In a briefing to analysts, SGX shared that they expect a potential hit of between 10 to 15% to its 12-month net profit. SGX share price closed at 8.28 on Friday 29 May, down 15.7%, after opening at 9.90 earlier in the week.
However, it’s also worth noting that the MSCI Singapore Index, one of the proxies designed to measure the performance of large and mid-cap segments on the Singapore market, will continue to operate, even after this discontinuation of other products offered by MSCI on the SGX.
Similar to the Straits Times Index (STI), the MSCI Singapore Index uses some of the most prominent companies listed on the SGX and would regularly review the components in the index and to add and remove companies.
In this week’s edition of 4 Stocks This Week, we look at 4 blue-chip companies that have been dropped by the MSCI Singapore Index as announced on 29 May 2020.
ComfortDelGro (SGX: C52)
ComfortDelGro has been hard hit by the COVID-19 outbreak in Singapore, and the government decision to introduce the circuit breaker and other social-distancing measures. ComfortDelGro has seen its profits for 1Q2020 decline by 48.9% compared to the year before.

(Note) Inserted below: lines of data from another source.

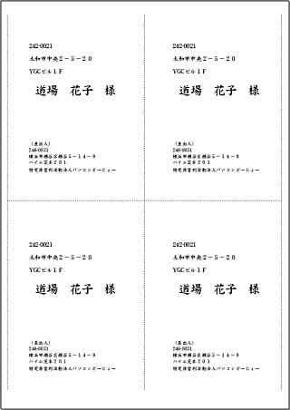 「A4用紙に、ハガキ4枚分をレイアウトし、印刷後に裁断する。」
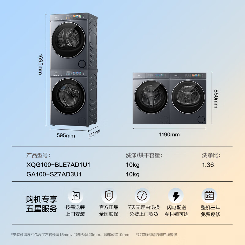 海尔(Haier)云溪5.0 AWE同款 D1洗烘套装10KG 全自动直驱洗衣机+双擎热泵烘干机 家电国家补贴 7AD1+7AD3
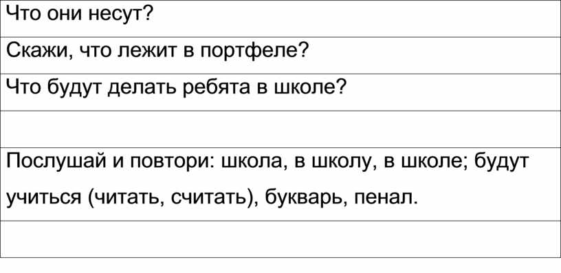 Послушай и повтори: школа, в школу, в школе; будут учиться (читать, считать), букварь, пенал. |
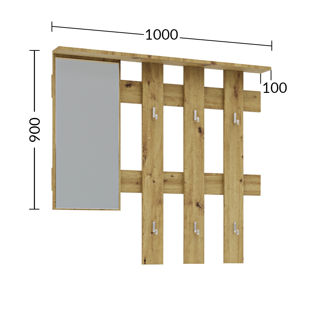 REMO je moderný nábytok do predsiene či chodby. Vešiakový panel so zrkadlom RENO je v štýlovom prevedení. Je vhodný aj do menšej predsiene či chodby.Nábytok je vyrobený z LTD dosiek, ktoré sú nenáročné na údržbu. Farebné prevedenie: dub Artisan.Rozmery:výška: 90 cmšírka: 100 cmhĺbka: 10 cmDodávame v demontovanom stave.
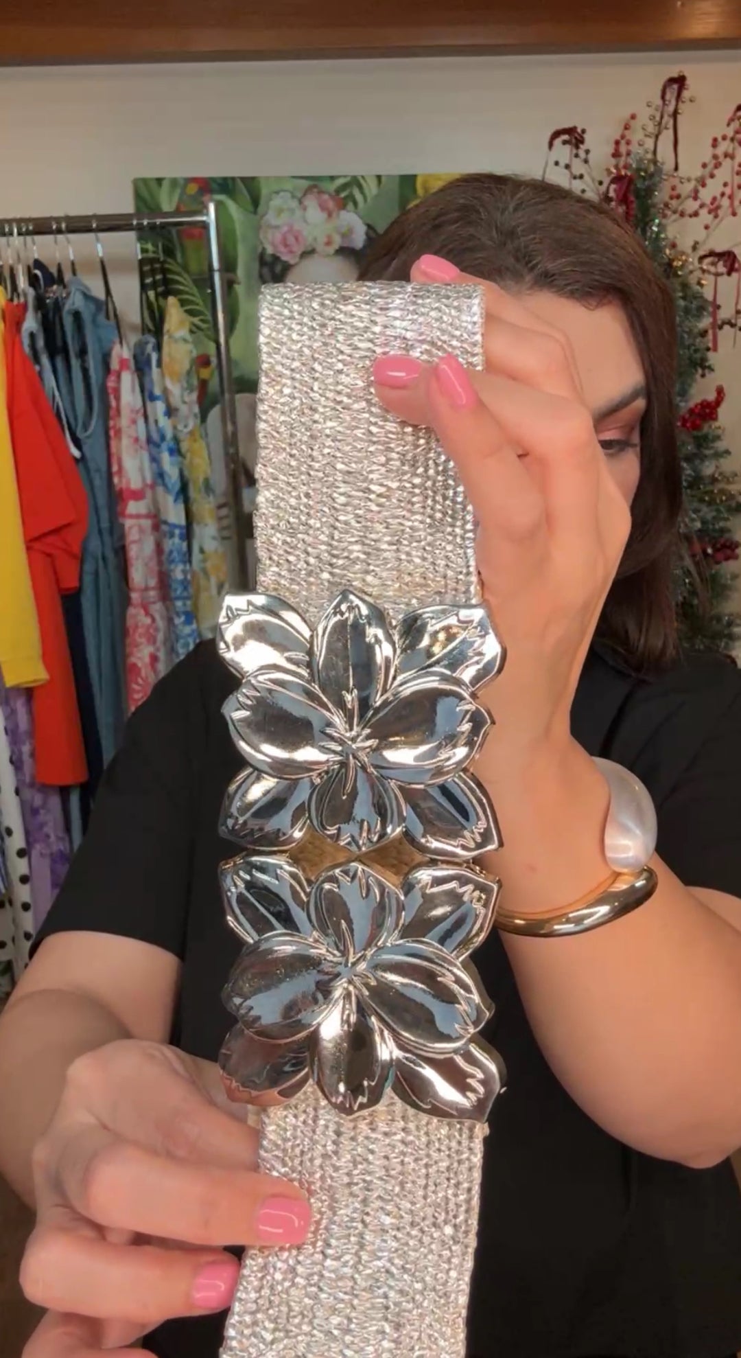 Cinto Plateado Hebilla XL Flor Ajustable (#128)

Over the past 3 months, ComfortDelGro share prices have declined by 26%, from $1.95 on 28 February to $1.44 as of 29 May. It’s currently trading at a Price-to-earning (PE) of 11.7 and a Price-to-book (PB) of 1.20.
SATS (SGX: S58)
A company that derives the bulk of its revenue from the air-travel sector, SATS has naturally been impacted badly by the global coronavirus outbreak. Over the past 3 months, SATS share prices have dropped by 34%, from 4.03 on 28 February to just 2.66 as of 29 May. Share price decline since the start of the year is at 47.4%.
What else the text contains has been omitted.